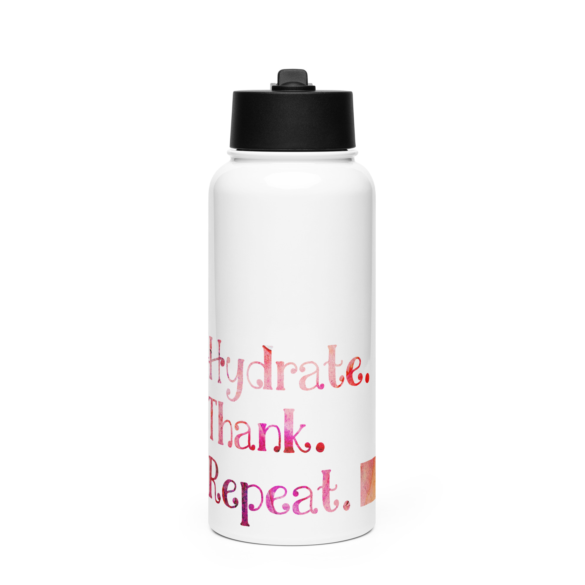 This roomy 32 oz (950 ml) water bottle is ideal for long days and active lifestyles. The wide-mouth foldable straw ensures spill-free drinking while on the go, while the rotating handle makes it easy to carry. Design boldly on the large design area, order this bottle for yourself, or sell it online. Double-walled stainless steel with vacuum insulation. Plastic lid and wide-mouth foldable straw. 32 oz (950 ml). Height: 9. 92″ (25. 2 cm). Diameter: 3. 54″ (9 cm). Glossy finish. Rotating handle. Comes with an anti-slip patch. Blank product sourced from China. Disclaimers:. Not dishwasher or microwave safe. Hand-wash only. Light pressure might be needed to close the lid during the first uses, as it can take a few times for the straw to take the appropriate shape inside the bottle. This product is made on demand. No minimums.
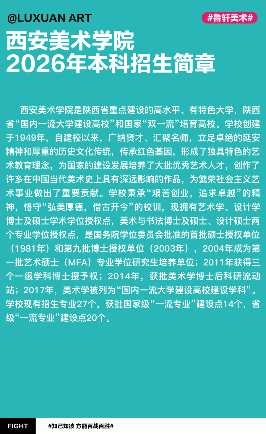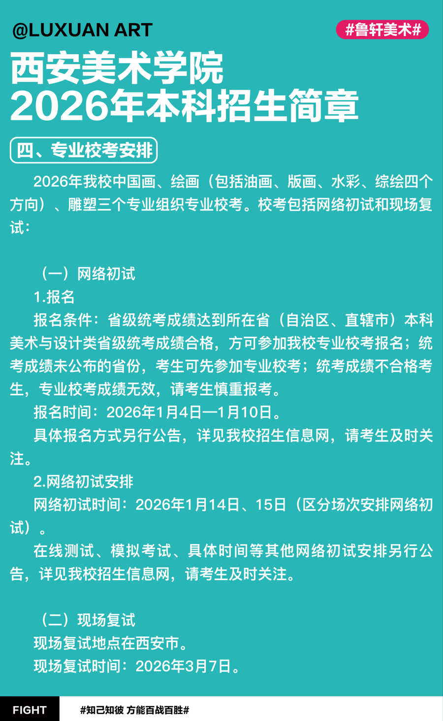 最新资讯 | 西安美术学院2026年本科招生简章已发布!1月14-15日初试!
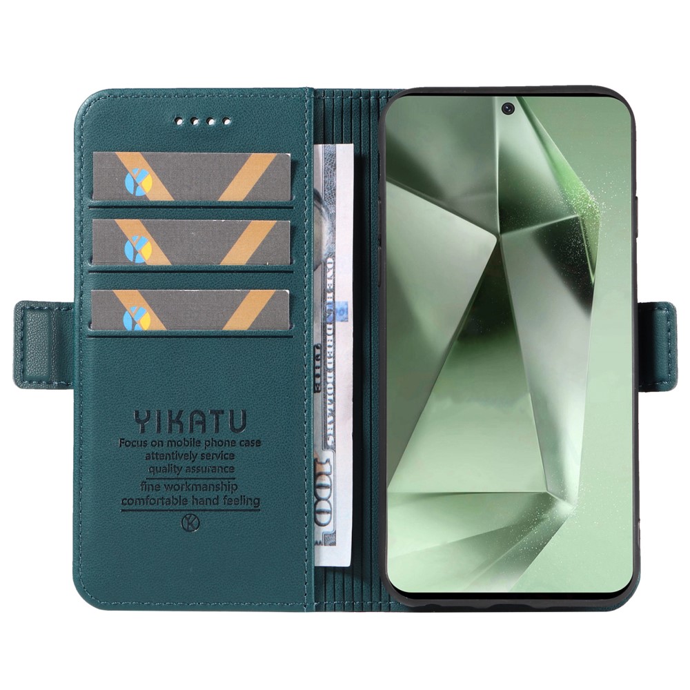 Θήκη Samsung Galaxy S24 FE 5G YIKATU Folio Series 003 με βάση στήριξης, υποδοχή καρτών και μαγνητικό κούμπωμα Flip Wallet από συνθετικό δέρμα και TPU πράσινο
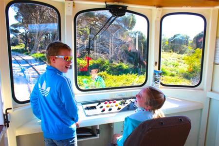 パース市民の身近なリゾートであるこの島に、家族で遊びに来た11歳のお兄ちゃんと9歳の妹。運転士のグレッグが「座りたい?」と問うと、妹が運転席によじ上る。自動運転システムが導入されていて、安全上の問題がないとされているため、乗客サービスの一環として、子どもを運転席に座らせることがあるそうだ。
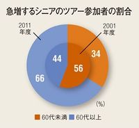 シニアの家計支出を調べると、上位項目に必ず入るのが旅行だ。時間的、金銭的なゆとりが多いシニアは、旅行業界の大得意客なのである。なかでも、8年ほど前からシニアをターゲットにした戦略を打ち出し、注目されている旅行会社がクラブツーリズム。2011年度の売上高は過去最高の約1390億円で、2012年度についても2ケタ近い伸びが見込まれている。11年度のツアー参加者(実数)のうち、60代以上が66%と3分の2を占める。
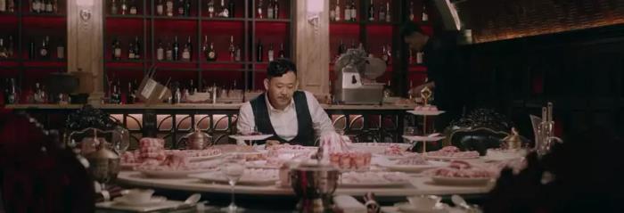 这场戏以吃饭作为载体,其实是在表达人性的交锋。每个人内心深处都有善与恶的交锋,如果掌控的好,那他就是一个正常人,如果失控那么每个人都可能会变成恶魔。
============
● WHAT YOU NEED TO DO
Return all records verbatim and drop the pictures.

● WRITTEN SOLUTION
 This roomy 32 oz (950 ml) water bottle is ideal for long days and active lifestyles. The wide-mouth foldable straw ensures spill-free drinking while on the go, while the rotating handle makes it easy to carry. Design boldly on the large design area, order this bottle for yourself, or sell it online. Double-walled stainless steel with vacuum insulation. Plastic lid and wide-mouth foldable straw. 32 oz (950 ml). Height: 9. 92″ (25. 2 cm). Diameter: 3. 54″ (9 cm). Glossy finish. Rotating handle. Comes with an anti-slip patch. Blank product sourced from China. Disclaimers:. Not dishwasher or microwave safe. Hand-wash only. Light pressure might be needed to close the lid during the first uses, as it can take a few times for the straw to take the appropriate shape inside the bottle. This product is made on demand. No minimums.
 最新资讯 | 西安美术学院2026年本科招生简章已发布!1月14-15日初试!
 Θήκη Samsung Galaxy S24 FE 5G YIKATU Folio Series 003 με βάση στήριξης, υποδοχή καρτών και μαγνητικό κούμπωμα Flip Wallet από συνθετικό δέρμα και TPU πράσινο
 パース市民の身近なリゾートであるこの島に、家族で遊びに来た11歳のお兄ちゃんと9歳の妹。運転士のグレッグが「座りたい?」と問うと、妹が運転席によじ上る。自動運転システムが導入されていて、安全上の問題がないとされているため、乗客サービスの一環として、子どもを運転席に座らせることがあるそうだ。
 シニアの家計支出を調べると、上位項目に必ず入るのが旅行だ。時間的、金銭的なゆとりが多いシニアは、旅行業界の大得意客なのである。なかでも、8年ほど前からシニアをターゲットにした戦略を打ち出し、注目されている旅行会社がクラブツーリズム。2011年度の売上高は過去最高の約1390億円で、2012年度についても2ケタ近い伸びが見込まれている。11年度のツアー参加者(実数)のうち、60代以上が66%と3分の2を占める。
 这场戏以吃饭作为载体,其实是在表达人性的交锋。每个人内心深处都有善与恶的交锋,如果掌控的好,那他就是一个正常人,如果失控那么每个人都可能会变成恶魔。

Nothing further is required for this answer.